## Aim of the task
Which of the lines in the data mention the string "with"? List them all.

BEGIN

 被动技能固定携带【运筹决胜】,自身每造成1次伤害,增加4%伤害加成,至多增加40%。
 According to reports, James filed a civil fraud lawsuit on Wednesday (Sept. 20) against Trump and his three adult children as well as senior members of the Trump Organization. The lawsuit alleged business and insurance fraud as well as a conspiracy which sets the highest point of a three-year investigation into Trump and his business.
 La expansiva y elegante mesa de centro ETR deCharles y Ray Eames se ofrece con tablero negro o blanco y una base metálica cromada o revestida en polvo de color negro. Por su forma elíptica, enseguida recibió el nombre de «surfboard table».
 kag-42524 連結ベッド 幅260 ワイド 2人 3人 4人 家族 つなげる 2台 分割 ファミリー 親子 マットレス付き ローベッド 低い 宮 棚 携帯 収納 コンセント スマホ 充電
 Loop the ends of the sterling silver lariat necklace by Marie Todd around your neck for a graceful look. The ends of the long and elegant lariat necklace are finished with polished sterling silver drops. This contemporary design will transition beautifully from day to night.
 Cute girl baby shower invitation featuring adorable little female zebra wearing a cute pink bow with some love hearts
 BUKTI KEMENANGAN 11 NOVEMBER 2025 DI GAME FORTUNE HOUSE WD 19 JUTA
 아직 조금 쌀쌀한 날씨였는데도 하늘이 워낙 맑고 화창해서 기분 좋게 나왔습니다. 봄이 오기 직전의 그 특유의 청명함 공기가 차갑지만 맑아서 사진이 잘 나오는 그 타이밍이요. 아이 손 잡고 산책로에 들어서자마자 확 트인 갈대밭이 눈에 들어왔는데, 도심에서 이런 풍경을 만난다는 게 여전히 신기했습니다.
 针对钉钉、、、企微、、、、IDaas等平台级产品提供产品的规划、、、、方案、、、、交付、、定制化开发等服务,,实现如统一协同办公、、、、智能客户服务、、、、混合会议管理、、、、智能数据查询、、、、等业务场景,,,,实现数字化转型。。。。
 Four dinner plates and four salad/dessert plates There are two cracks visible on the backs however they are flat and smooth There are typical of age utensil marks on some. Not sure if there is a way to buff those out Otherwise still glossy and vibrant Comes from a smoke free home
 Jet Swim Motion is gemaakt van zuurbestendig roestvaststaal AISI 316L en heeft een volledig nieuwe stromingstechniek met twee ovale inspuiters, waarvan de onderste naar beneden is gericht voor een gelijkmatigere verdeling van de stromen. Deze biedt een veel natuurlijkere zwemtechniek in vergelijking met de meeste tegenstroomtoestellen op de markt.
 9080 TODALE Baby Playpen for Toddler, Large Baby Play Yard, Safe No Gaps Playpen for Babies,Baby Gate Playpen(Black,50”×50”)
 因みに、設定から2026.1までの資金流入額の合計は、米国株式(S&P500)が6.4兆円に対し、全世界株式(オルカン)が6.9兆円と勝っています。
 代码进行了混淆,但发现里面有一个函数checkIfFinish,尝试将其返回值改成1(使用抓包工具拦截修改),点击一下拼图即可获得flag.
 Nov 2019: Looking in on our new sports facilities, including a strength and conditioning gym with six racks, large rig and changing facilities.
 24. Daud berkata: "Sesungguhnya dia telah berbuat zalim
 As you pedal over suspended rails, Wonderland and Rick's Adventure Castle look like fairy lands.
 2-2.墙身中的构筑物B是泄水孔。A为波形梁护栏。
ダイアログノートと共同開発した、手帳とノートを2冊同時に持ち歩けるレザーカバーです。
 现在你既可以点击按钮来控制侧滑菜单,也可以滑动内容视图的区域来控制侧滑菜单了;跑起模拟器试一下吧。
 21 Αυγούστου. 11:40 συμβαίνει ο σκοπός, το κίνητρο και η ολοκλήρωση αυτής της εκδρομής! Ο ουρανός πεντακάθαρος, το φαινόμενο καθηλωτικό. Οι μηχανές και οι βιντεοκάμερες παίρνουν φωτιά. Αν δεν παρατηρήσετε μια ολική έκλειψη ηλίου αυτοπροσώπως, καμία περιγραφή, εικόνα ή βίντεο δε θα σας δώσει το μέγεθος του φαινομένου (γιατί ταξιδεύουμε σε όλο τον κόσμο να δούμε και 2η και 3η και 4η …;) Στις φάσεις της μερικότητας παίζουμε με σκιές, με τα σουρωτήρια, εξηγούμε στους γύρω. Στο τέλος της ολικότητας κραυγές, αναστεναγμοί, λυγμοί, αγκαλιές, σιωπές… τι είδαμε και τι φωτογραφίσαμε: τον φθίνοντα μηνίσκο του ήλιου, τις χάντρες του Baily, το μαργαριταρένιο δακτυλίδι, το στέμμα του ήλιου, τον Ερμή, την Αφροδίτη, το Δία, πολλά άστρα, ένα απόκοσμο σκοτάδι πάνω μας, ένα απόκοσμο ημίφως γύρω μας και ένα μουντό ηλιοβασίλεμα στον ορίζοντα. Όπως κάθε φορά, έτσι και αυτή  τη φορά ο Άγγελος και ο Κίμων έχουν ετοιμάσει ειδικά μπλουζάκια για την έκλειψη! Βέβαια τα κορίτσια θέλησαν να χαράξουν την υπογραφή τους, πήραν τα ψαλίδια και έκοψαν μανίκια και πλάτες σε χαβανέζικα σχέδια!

END

## Output for this exercise
 Loop the ends of the sterling silver lariat necklace by Marie Todd around your neck for a graceful look. The ends of the long and elegant lariat necklace are finished with polished sterling silver drops. This contemporary design will transition beautifully from day to night.
 Cute girl baby shower invitation featuring adorable little female zebra wearing a cute pink bow with some love hearts
 Nov 2019: Looking in on our new sports facilities, including a strength and conditioning gym with six racks, large rig and changing facilities.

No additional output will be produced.